In the labor history of the Caribbean, Cuba presented a unique situation in the second half of the nineteenth century, when 125,000 male Chinese laborers under 8-year contracts were brought into the Spanish island colony to work alongside a dwindling population of enslaved African men and women on the flourishing sugar plantations. Nowhere else in world history were indentured Asian--all men--and enslaved Africans, men and women, co-workers in the same space and time. This unprecedented labor population raises several questions regarding race, class, and gender: Were the Chinese black or white, slave or free? How did the absence of Chinese women affect race relations between Asians and Africans? Exploring these questions sheds light on the key one: did the Chinese coolies constitute slaves like their African co-workers and hence extend slavery in Cuba, or did they make the transition to freedom, thereby hastening that transition for enslaved Africans?
Mimian Hsu (Artist, Costa Rica)
Title: How Can I Ask Questions From Afar?
I’m interested in researching and working with the place in the world where I belong.

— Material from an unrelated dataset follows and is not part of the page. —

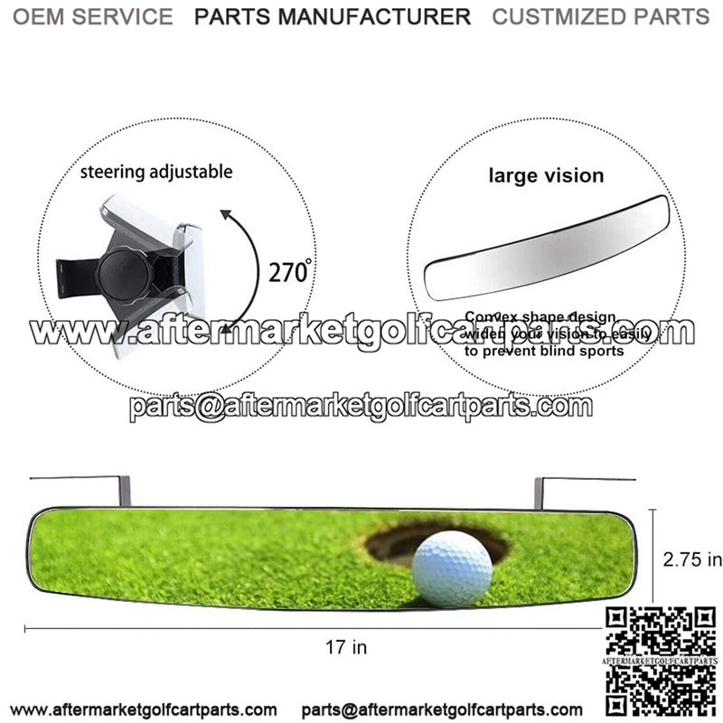 – Golf Cart Mirror Size is 16.5×2.76 inch, Extra wide convex rear view mirror with free adjustment viewing angle, gives the driver a 150 degree panoramic view, improve your driving safety.

Being a daughter of Taiwanese immigrants in Costa Rica has shaped who I am and how I exist. There is a weaving of understandings, sensations, desires, and stories of different places that results in a nuanced way of thinking and feeling. The place where I live brings me an opportunity to ask questions and find answers about placemaking in the world that surrounds me. This diasporic experience has opened possibilities through syncretic practices where my ancestral, cultural and spiritual life can shuffle between different worlds, where the visual narratives and languages are constantly code switching, where the personal can address broader socio-political and historical issues, and where I am able to ask questions that seem like answers and find answers that pose new questions.
Scott Ting-A-Kee (Poet, novelist, and teacher, Guyana)
Presentation Title: Indentureship, Migration and the Chinese Identity: A Comparison of the Chinese Guyanese and Chinese American Experience in Shinebourne’s The Last Ship and Yang’s American Born Chinese
In this paper, the concept of pure Chineseness, the importance of traditions and personal, reconstructed histories will be explored in Shineboure’s prose fiction work, The Last Ship, and Yang’s graphic novel, American Born Chinese. Migration affects the construction of Chineseness and challenges the concept of purity and coerces the creation of an identity and sense of self that balances and mitigates the seemingly conflicting Chinese and European identities. Shinebourne’s The Last Ship traverses the struggles with Chineseness and cultural acceptance for three generations. Yang’s American Born Chinese, on the other hand, explores the migratory experience of Jin Wang’s family in America.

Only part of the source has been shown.